# Injen intake for the 2.5



## sleeper247 (Oct 2, 2009)

Has anyone used a Injen intake on the 2.5? I have a p-flo intake but thinking about getting a cold air intake.


----------



## Zaytri (Mar 3, 2009)

sleeper247 said:


> Has anyone used a Injen intake on the 2.5? I have a p-flo intake but thinking about getting a cold air intake.


 I haven't used one personally, but a friend did on his car and got a CEL without a MAF insert


----------



## thygreyt (Jun 7, 2009)

imo, keep the neuspeed... it does the job...


----------



## sleeper247 (Oct 2, 2009)

Yea I decided to keep it. Just wish they used the type of filter that you could just rinse with water. Does anyone know the size of the filter? I wen to autozone and got one but it was to small and the rubber part that slips in is to short.


----------



## itskohler (Jan 7, 2011)

It's a 3in...I think.


----------



## sleeper247 (Oct 2, 2009)

Its not 3". I ordered one online and it did not fit.
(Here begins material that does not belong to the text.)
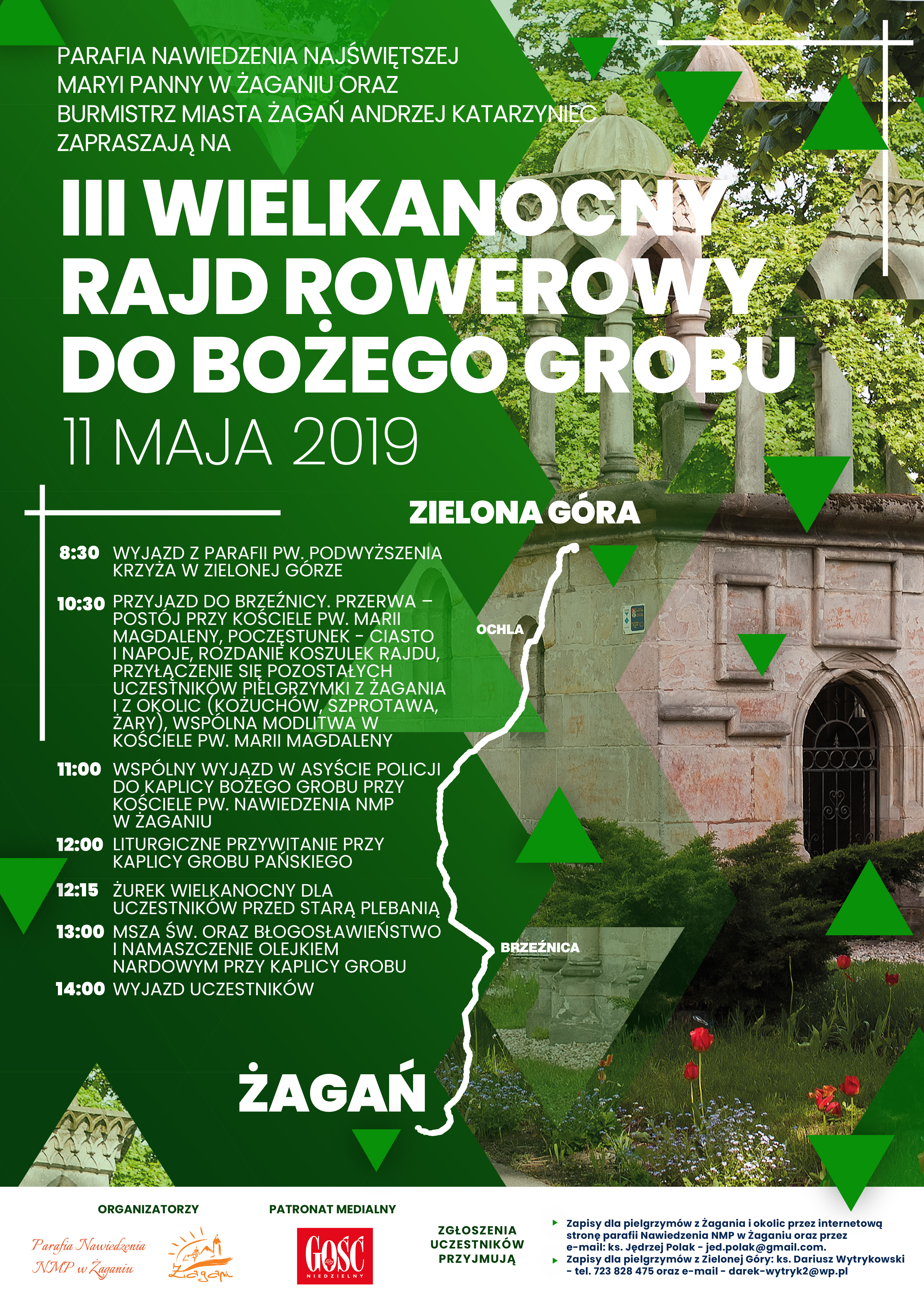 Parafia Nawiedzenia Najświętszej Maryi Panny w Żaganiu zaprasza 11 maja na trzeci Wielkanocny Rajd do Bożego Grobu, który wyruszy o godzinie 8:30 z Zielonej Góry, aby o godzinie 12:00 dotrzeć do Żagania i wziąć udział w liturgicznym powitaniu przy Bożym Grobie.
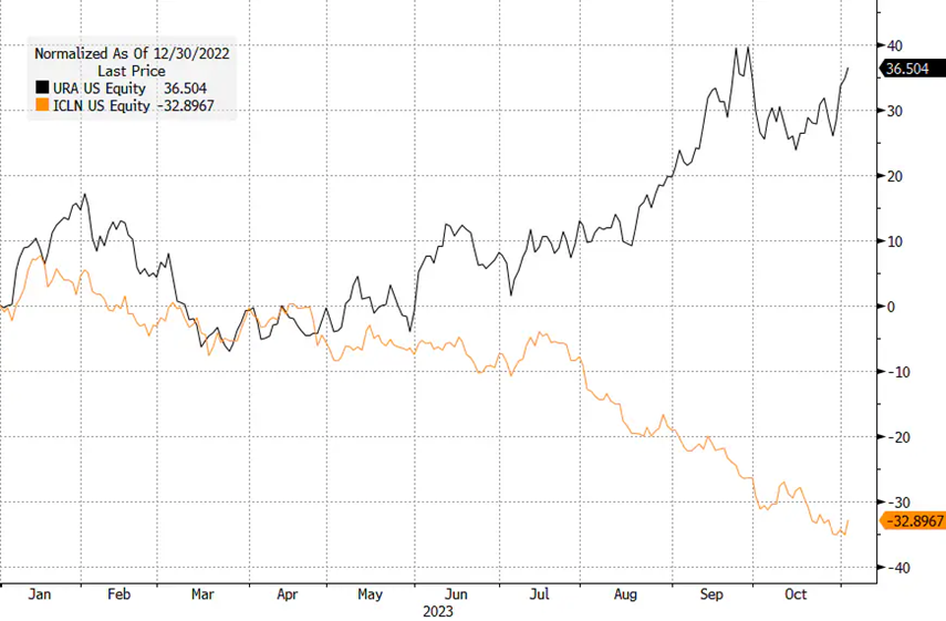 Zväčšujúca sa priepasť vo výkonnosti medzi firmami, ktoré sa zaoberajú prevažne veternou a solárnou energiou a jadrovým priemyslom je ohromujúca. Index Global X Uranium ETF s trhovou kapitalizáciou 2,3 miliardy USD sa od začiatku roka posilnili o 36,5 %, zatiaľ čo fond iShares Global Clean Energy ETF (trhová kapitalizácia 2,7 miliardy USD) stratil takmer 33 %. Nedávny vývoj tak potvrdzuje, že by sa jadrová energia mala stať väčšou súčasťou riešenia pre dekarbonizáciu hospodárstva. Ukazuje to aj príklad spoločnosti Cameco, jedného z najväčších svetových producentov uránu, ktorá zverejnila prelomové výsledky za 3. štvrťrok, vďaka ktorým cena jej akcií prudko vzrástla. Dopyt po jadrovej energii sa štvrť po štvrťroku zvyšuje.

I went to the parts store and they had a universal one that had inserts for you to adjust the size but the rubber part that slips on was to short.


----------



## 1poynt8tee (May 26, 2010)

Moot point since you decided against buying one, but I bought and installed one and it has been trouble free for me. It's a one piece intake, so no need for MAF insert because it has a small tube re directing air around the MAF element. No CEL for me (2007).

Anyhow, good luck finding a new filter, my 2.5 sounded more aggressive when I had a short ram oddly


----------



## cbs_24 (May 21, 2011)

email the manufacture and ask them the filter size.


----------



## yeahitsme157 (Sep 23, 2008)

I know you decided against getting the injen intake just wanted to say i love mine and have had 0 problems with it since i got it, even made my car sounds a little more aggressive.

Also if i'm not mistaken the p-flo uses a 4" cone. If you decide to get a new intake however abd racing makes an intake that can be changed from a short ram to a cold air if thats something that might interest you.


----------



## Teknojnky (Jun 1, 2002)

The maf is a little over 3" OD. When you buy the filter, you need to find one that is 3" ID.

Sent with the information provided from an electronic device.


----------



## sleeper247 (Oct 2, 2009)

I ended up just getting a recharge kit and cleaned the filter. I might get another filter when I moved down to CA. just so I can swap it out.


----------